The FeedRight agent is pretrained using Deep Q-Network (DQN) via the Stable-Baselines 3 library. Training runs entirely inside the simulated FishFeedingEnv environment before the model is deployed to production cages.
Algorithm: Double DQN
Stable-Baselines 3's DQN implementation includes Double DQN by default, which decouples action selection from value estimation to reduce overestimation bias — a known issue in standard Q-learning.
The core Bellman update becomes:
Q(s, a) ← r + γ · Q_target(s', argmax_a' Q_online(s', a'))where Q_online selects the best next action and Q_target evaluates it.
Network Architecture
The policy uses a fully-connected MLP with four hidden layers:
Input (44) → 512 → 256 → 128 → 64 → Output (6 Q-values)| Layer | Neurons | Activation |
|---|---|---|
| Input | 44 | — |
| Hidden 1 | 512 | ReLU |
| Hidden 2 | 256 | ReLU |
| Hidden 3 | 128 | ReLU |
| Hidden 4 | 64 | ReLU |
| Output | 6 | Linear (Q-values) |
This produces approximately 200K+ trainable parameters, a ~4× increase from the earlier custom DQN implementation (which used [256, 128, 64] with ~52K params). The larger capacity helps the network model complex interactions between the 44 input features.
Hyperparameters
| Parameter | Value | Notes |
|---|---|---|
learning_rate | 1e-4 | Adam optimiser |
buffer_size | 50 000 | Replay buffer capacity (5× the original implementation) |
learning_starts | 1 000 | Steps of random exploration before training begins |
batch_size | 64 | Mini-batch size for gradient updates (2× the original) |
gamma | 0.99 | Discount factor — agent values future rewards highly |
target_update_interval | 1 000 | Steps between target network syncs |
exploration_fraction | 0.3 | Fraction of total training over which ε decays |
exploration_initial_eps | 1.0 | Starting ε (fully random) |
exploration_final_eps | 0.05 | Final ε (5% random actions) |
total_timesteps | 100 000 | Default training length |
seed | 42 | For reproducibility |
Exploration Strategy: ε-Greedy
The agent uses linear ε-greedy decay:
ε
1.0 ┤━━━━━━╲
│ ╲
│ ╲
0.05 ┤ ╲━━━━━━━━━━━━━━━━━━━━━
└──┬──────┬──────────────────────
0 30K 100K
timesteps- Steps 0 – 1 000 (
learning_starts): Pure random actions, no gradient updates. The replay buffer fills with diverse initial experiences. - Steps 1 000 – 30 000 (30% of 100K): ε decays linearly from 1.0 to 0.05. The agent gradually shifts from exploration to exploitation.

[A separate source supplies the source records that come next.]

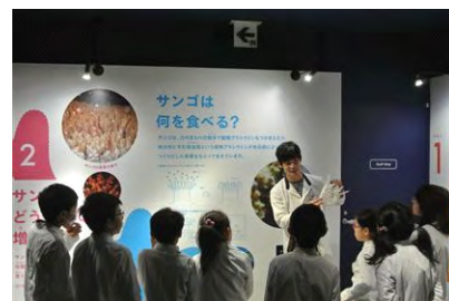
恐竜研究員のガイドツアー ※イメージ画像

開催日：2014年8月19日(火) 開催時間：〔子ども向け〕11時00分～12時00分 〔大人向け〕19時30分～20時30分 開催場所：館内各所 参加定員：各回20名 参加方法：事前募集 ※詳細は公式ホームページでお知らせします。 開催内容：福井県立恐竜博物館の研究員が、各種骨格標本を解説する特別なガイドツアーです。
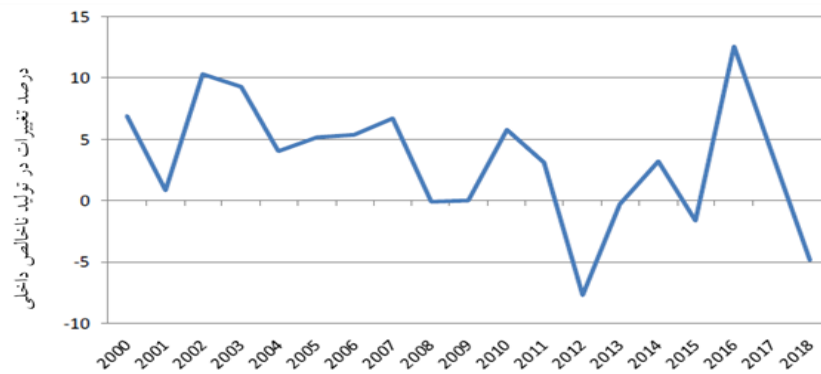
نمودار ۲. تولید ناخالص داخلی ایران (چودهری و همکاران، ۲۰۲۰: ۵)

تأثیر منفی تحریم‌ها در اقتصاد ایران، در رکود شاخص‌های کلیدی اقتصاد ایران نیز نقش داشت. در سال ۲۰۱۸ هنگامی که تحریم‌های آمریکا مجدداً اعمال شد، رشد تولید ناخالص داخلی ایران به ۴/۸- درصد کاهش یافت (صندوق بین‌المللی پول، ۲۰۱۹). این در حالی است که با کاهش تحریم‌ها پس از توافق برجام در سال ۲۰۱۵، تولید ناخالص داخلی ایران به ۱۲/۵ درصد افزایش یافته بود. نمودار زیر تأثیرگذاری تحریم بر رشد تولید ناخالص داخلی ایران را نشان می‌دهد.
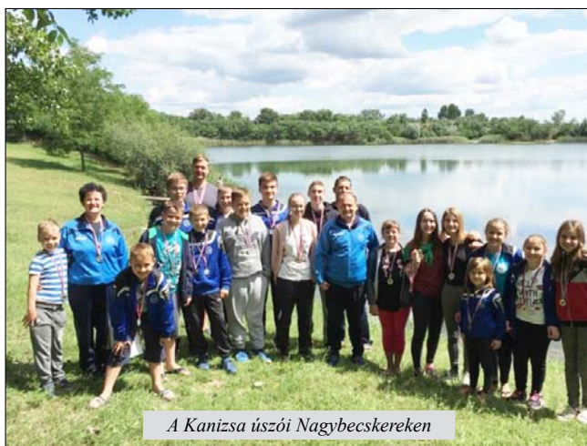
A Kanizsa úszói Nagybecskerekén
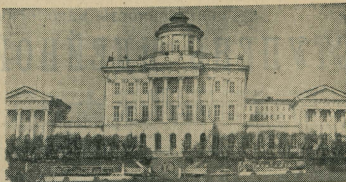
МОСКВА. Государственная ордена Ленина библиотека СССР имени В. И. Ленина — главная из 350 тысяч библиотек страны.

Е. КОКУРИНА, студентка факультета журналистики МГУ.
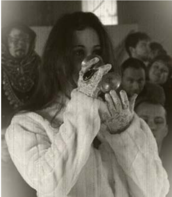
La Princesse Naïa di Valustra lors de son mariage. Portrait de notre reporter Guth von Berg

Évidemment, on ne se permet ce genre de confiance que dans l'entre-soi le plus intime (et après quelques verres d'un de ces excellents alcools silfinites levés à sa santé) et rien ne permet aujourd'hui d'affirmer avec certitude ce que devient la Princesse d'Arkhaïs.
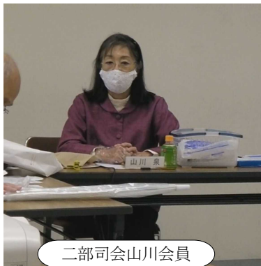
二部司会山川会員
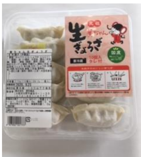
【対象商品の表面写真】
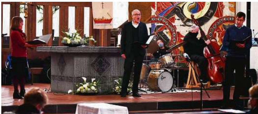
Die Offenbacher Hospiztage sind mit Texten und Musik zu den Themen Leben und Sterben, Tod und Trauer in der Kirche St. Paul gestartet. Sie dauern bis 7. November, das für 8. November geplante Benefizkonzert in St. Marien ist wegen Erkrankung abgesagt. Das weitere Programm findet sich unter www.hospiz-offenbach.de .
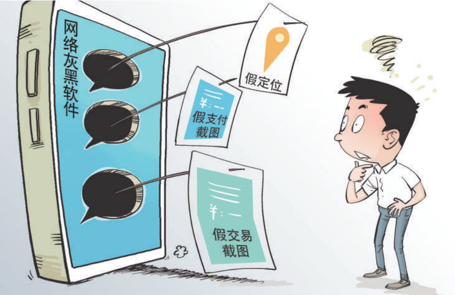
警惕网络灰黑软件诈骗。

未来，房地产市场调控仍会坚持“房住不炒”定位，负有调控主体责任的地方政府也会精准施策、一城一策，既避免市场过热，又防止大起大落，促进房地产市场平稳健康发展。同时，摆脱对房地产市场依赖，要找准切入点，持续推动城市开发方式转型。大力发展新兴产业，培育新动能，不断推进我国经济向高质量发展迈进。

- Steps 30 000 – 100 000: ε stays at 0.05. The agent mostly exploits learned policy but retains 5% random exploration to avoid local optima.
Training Loop
The training loop is managed by FeedingDQNTrainer.train():
- Environment wrapping: The
FishFeedingEnvis wrapped in SB3'sMonitorfor automatic episode logging. - Callback stack:
EvalCallback: Every 5 000 steps, evaluates the model over 10 episodes and saves the best-performing checkpoint.CheckpointCallback: Saves a full checkpoint (model + replay buffer) every 10 000 steps.TensorboardCallback: Custom callback logging per-episode rewards, lengths, and feed counts.
- Training:
model.learn(total_timesteps=100000, progress_bar=True) - Final save: The model is saved to
./models/final_model. - Plotting: A training progress chart (episode rewards and lengths with moving average) is saved to
./models/training_progress_sb3.png.
Device Selection
The trainer automatically detects the best available compute device:
Priority: MPS (Apple Silicon) → CUDA (NVIDIA GPU) → CPUEvaluation
After training, FeedingDQNTrainer.evaluate() uses SB3's evaluate_policy to run n_eval_episodes (default 20) in deterministic mode and reports:
- Mean reward ± standard deviation
- Individual test episode replay with step-by-step action/reward trace
Episode Structure
Each training episode follows this cycle:
env.reset()generates a random initial state within realistic bounds.- Initial
time_since_last_feedis randomised between 3–8 hours. - Initial
feeds_todayis set to 0.
- Initial
- The agent selects actions until
feeds_count >= max_feeds_per_episode(default 6). - Each step:
- Agent picks action (0–5) → mapped to feed amount via
action_to_kg. _transition_state()updates feeding history, hunger, activity, and adds stochastic noise._calculate_reward()produces the scalar reward signal.
- Agent picks action (0–5) → mapped to feed amount via
- The episode terminates; SB3 logs the cumulative reward and length.
Pretraining vs Fine-Tuning
The initial model is pretrained entirely in simulation. The simulated environment models:
- Deterministic state transitions (hunger reduction proportional to feed, time-based hunger increase)
- Stochastic environmental noise (±0.02 DO, ±0.01 temperature, ±0.05 motion per step)
- Realistic initial state sampling from defined min/max ranges
After deployment, the Adaptive Learning pipeline collects real-world outcomes and retrains the model by pre-filling the replay buffer with actual experiences, bridging the sim-to-real gap.
Reproducing a Training Run
cd lib/dqn_sb3
python train.pyOutput:
./models/best_model/best_model.zip— best checkpoint by evaluation reward./models/final_model.zip— final checkpoint./models/checkpoints/— periodic snapshots./tensorboard_logs/— TensorBoard event files./models/training_progress_sb3.png— reward/length plot
To monitor live:
tensorboard --logdir=./tensorboard_logs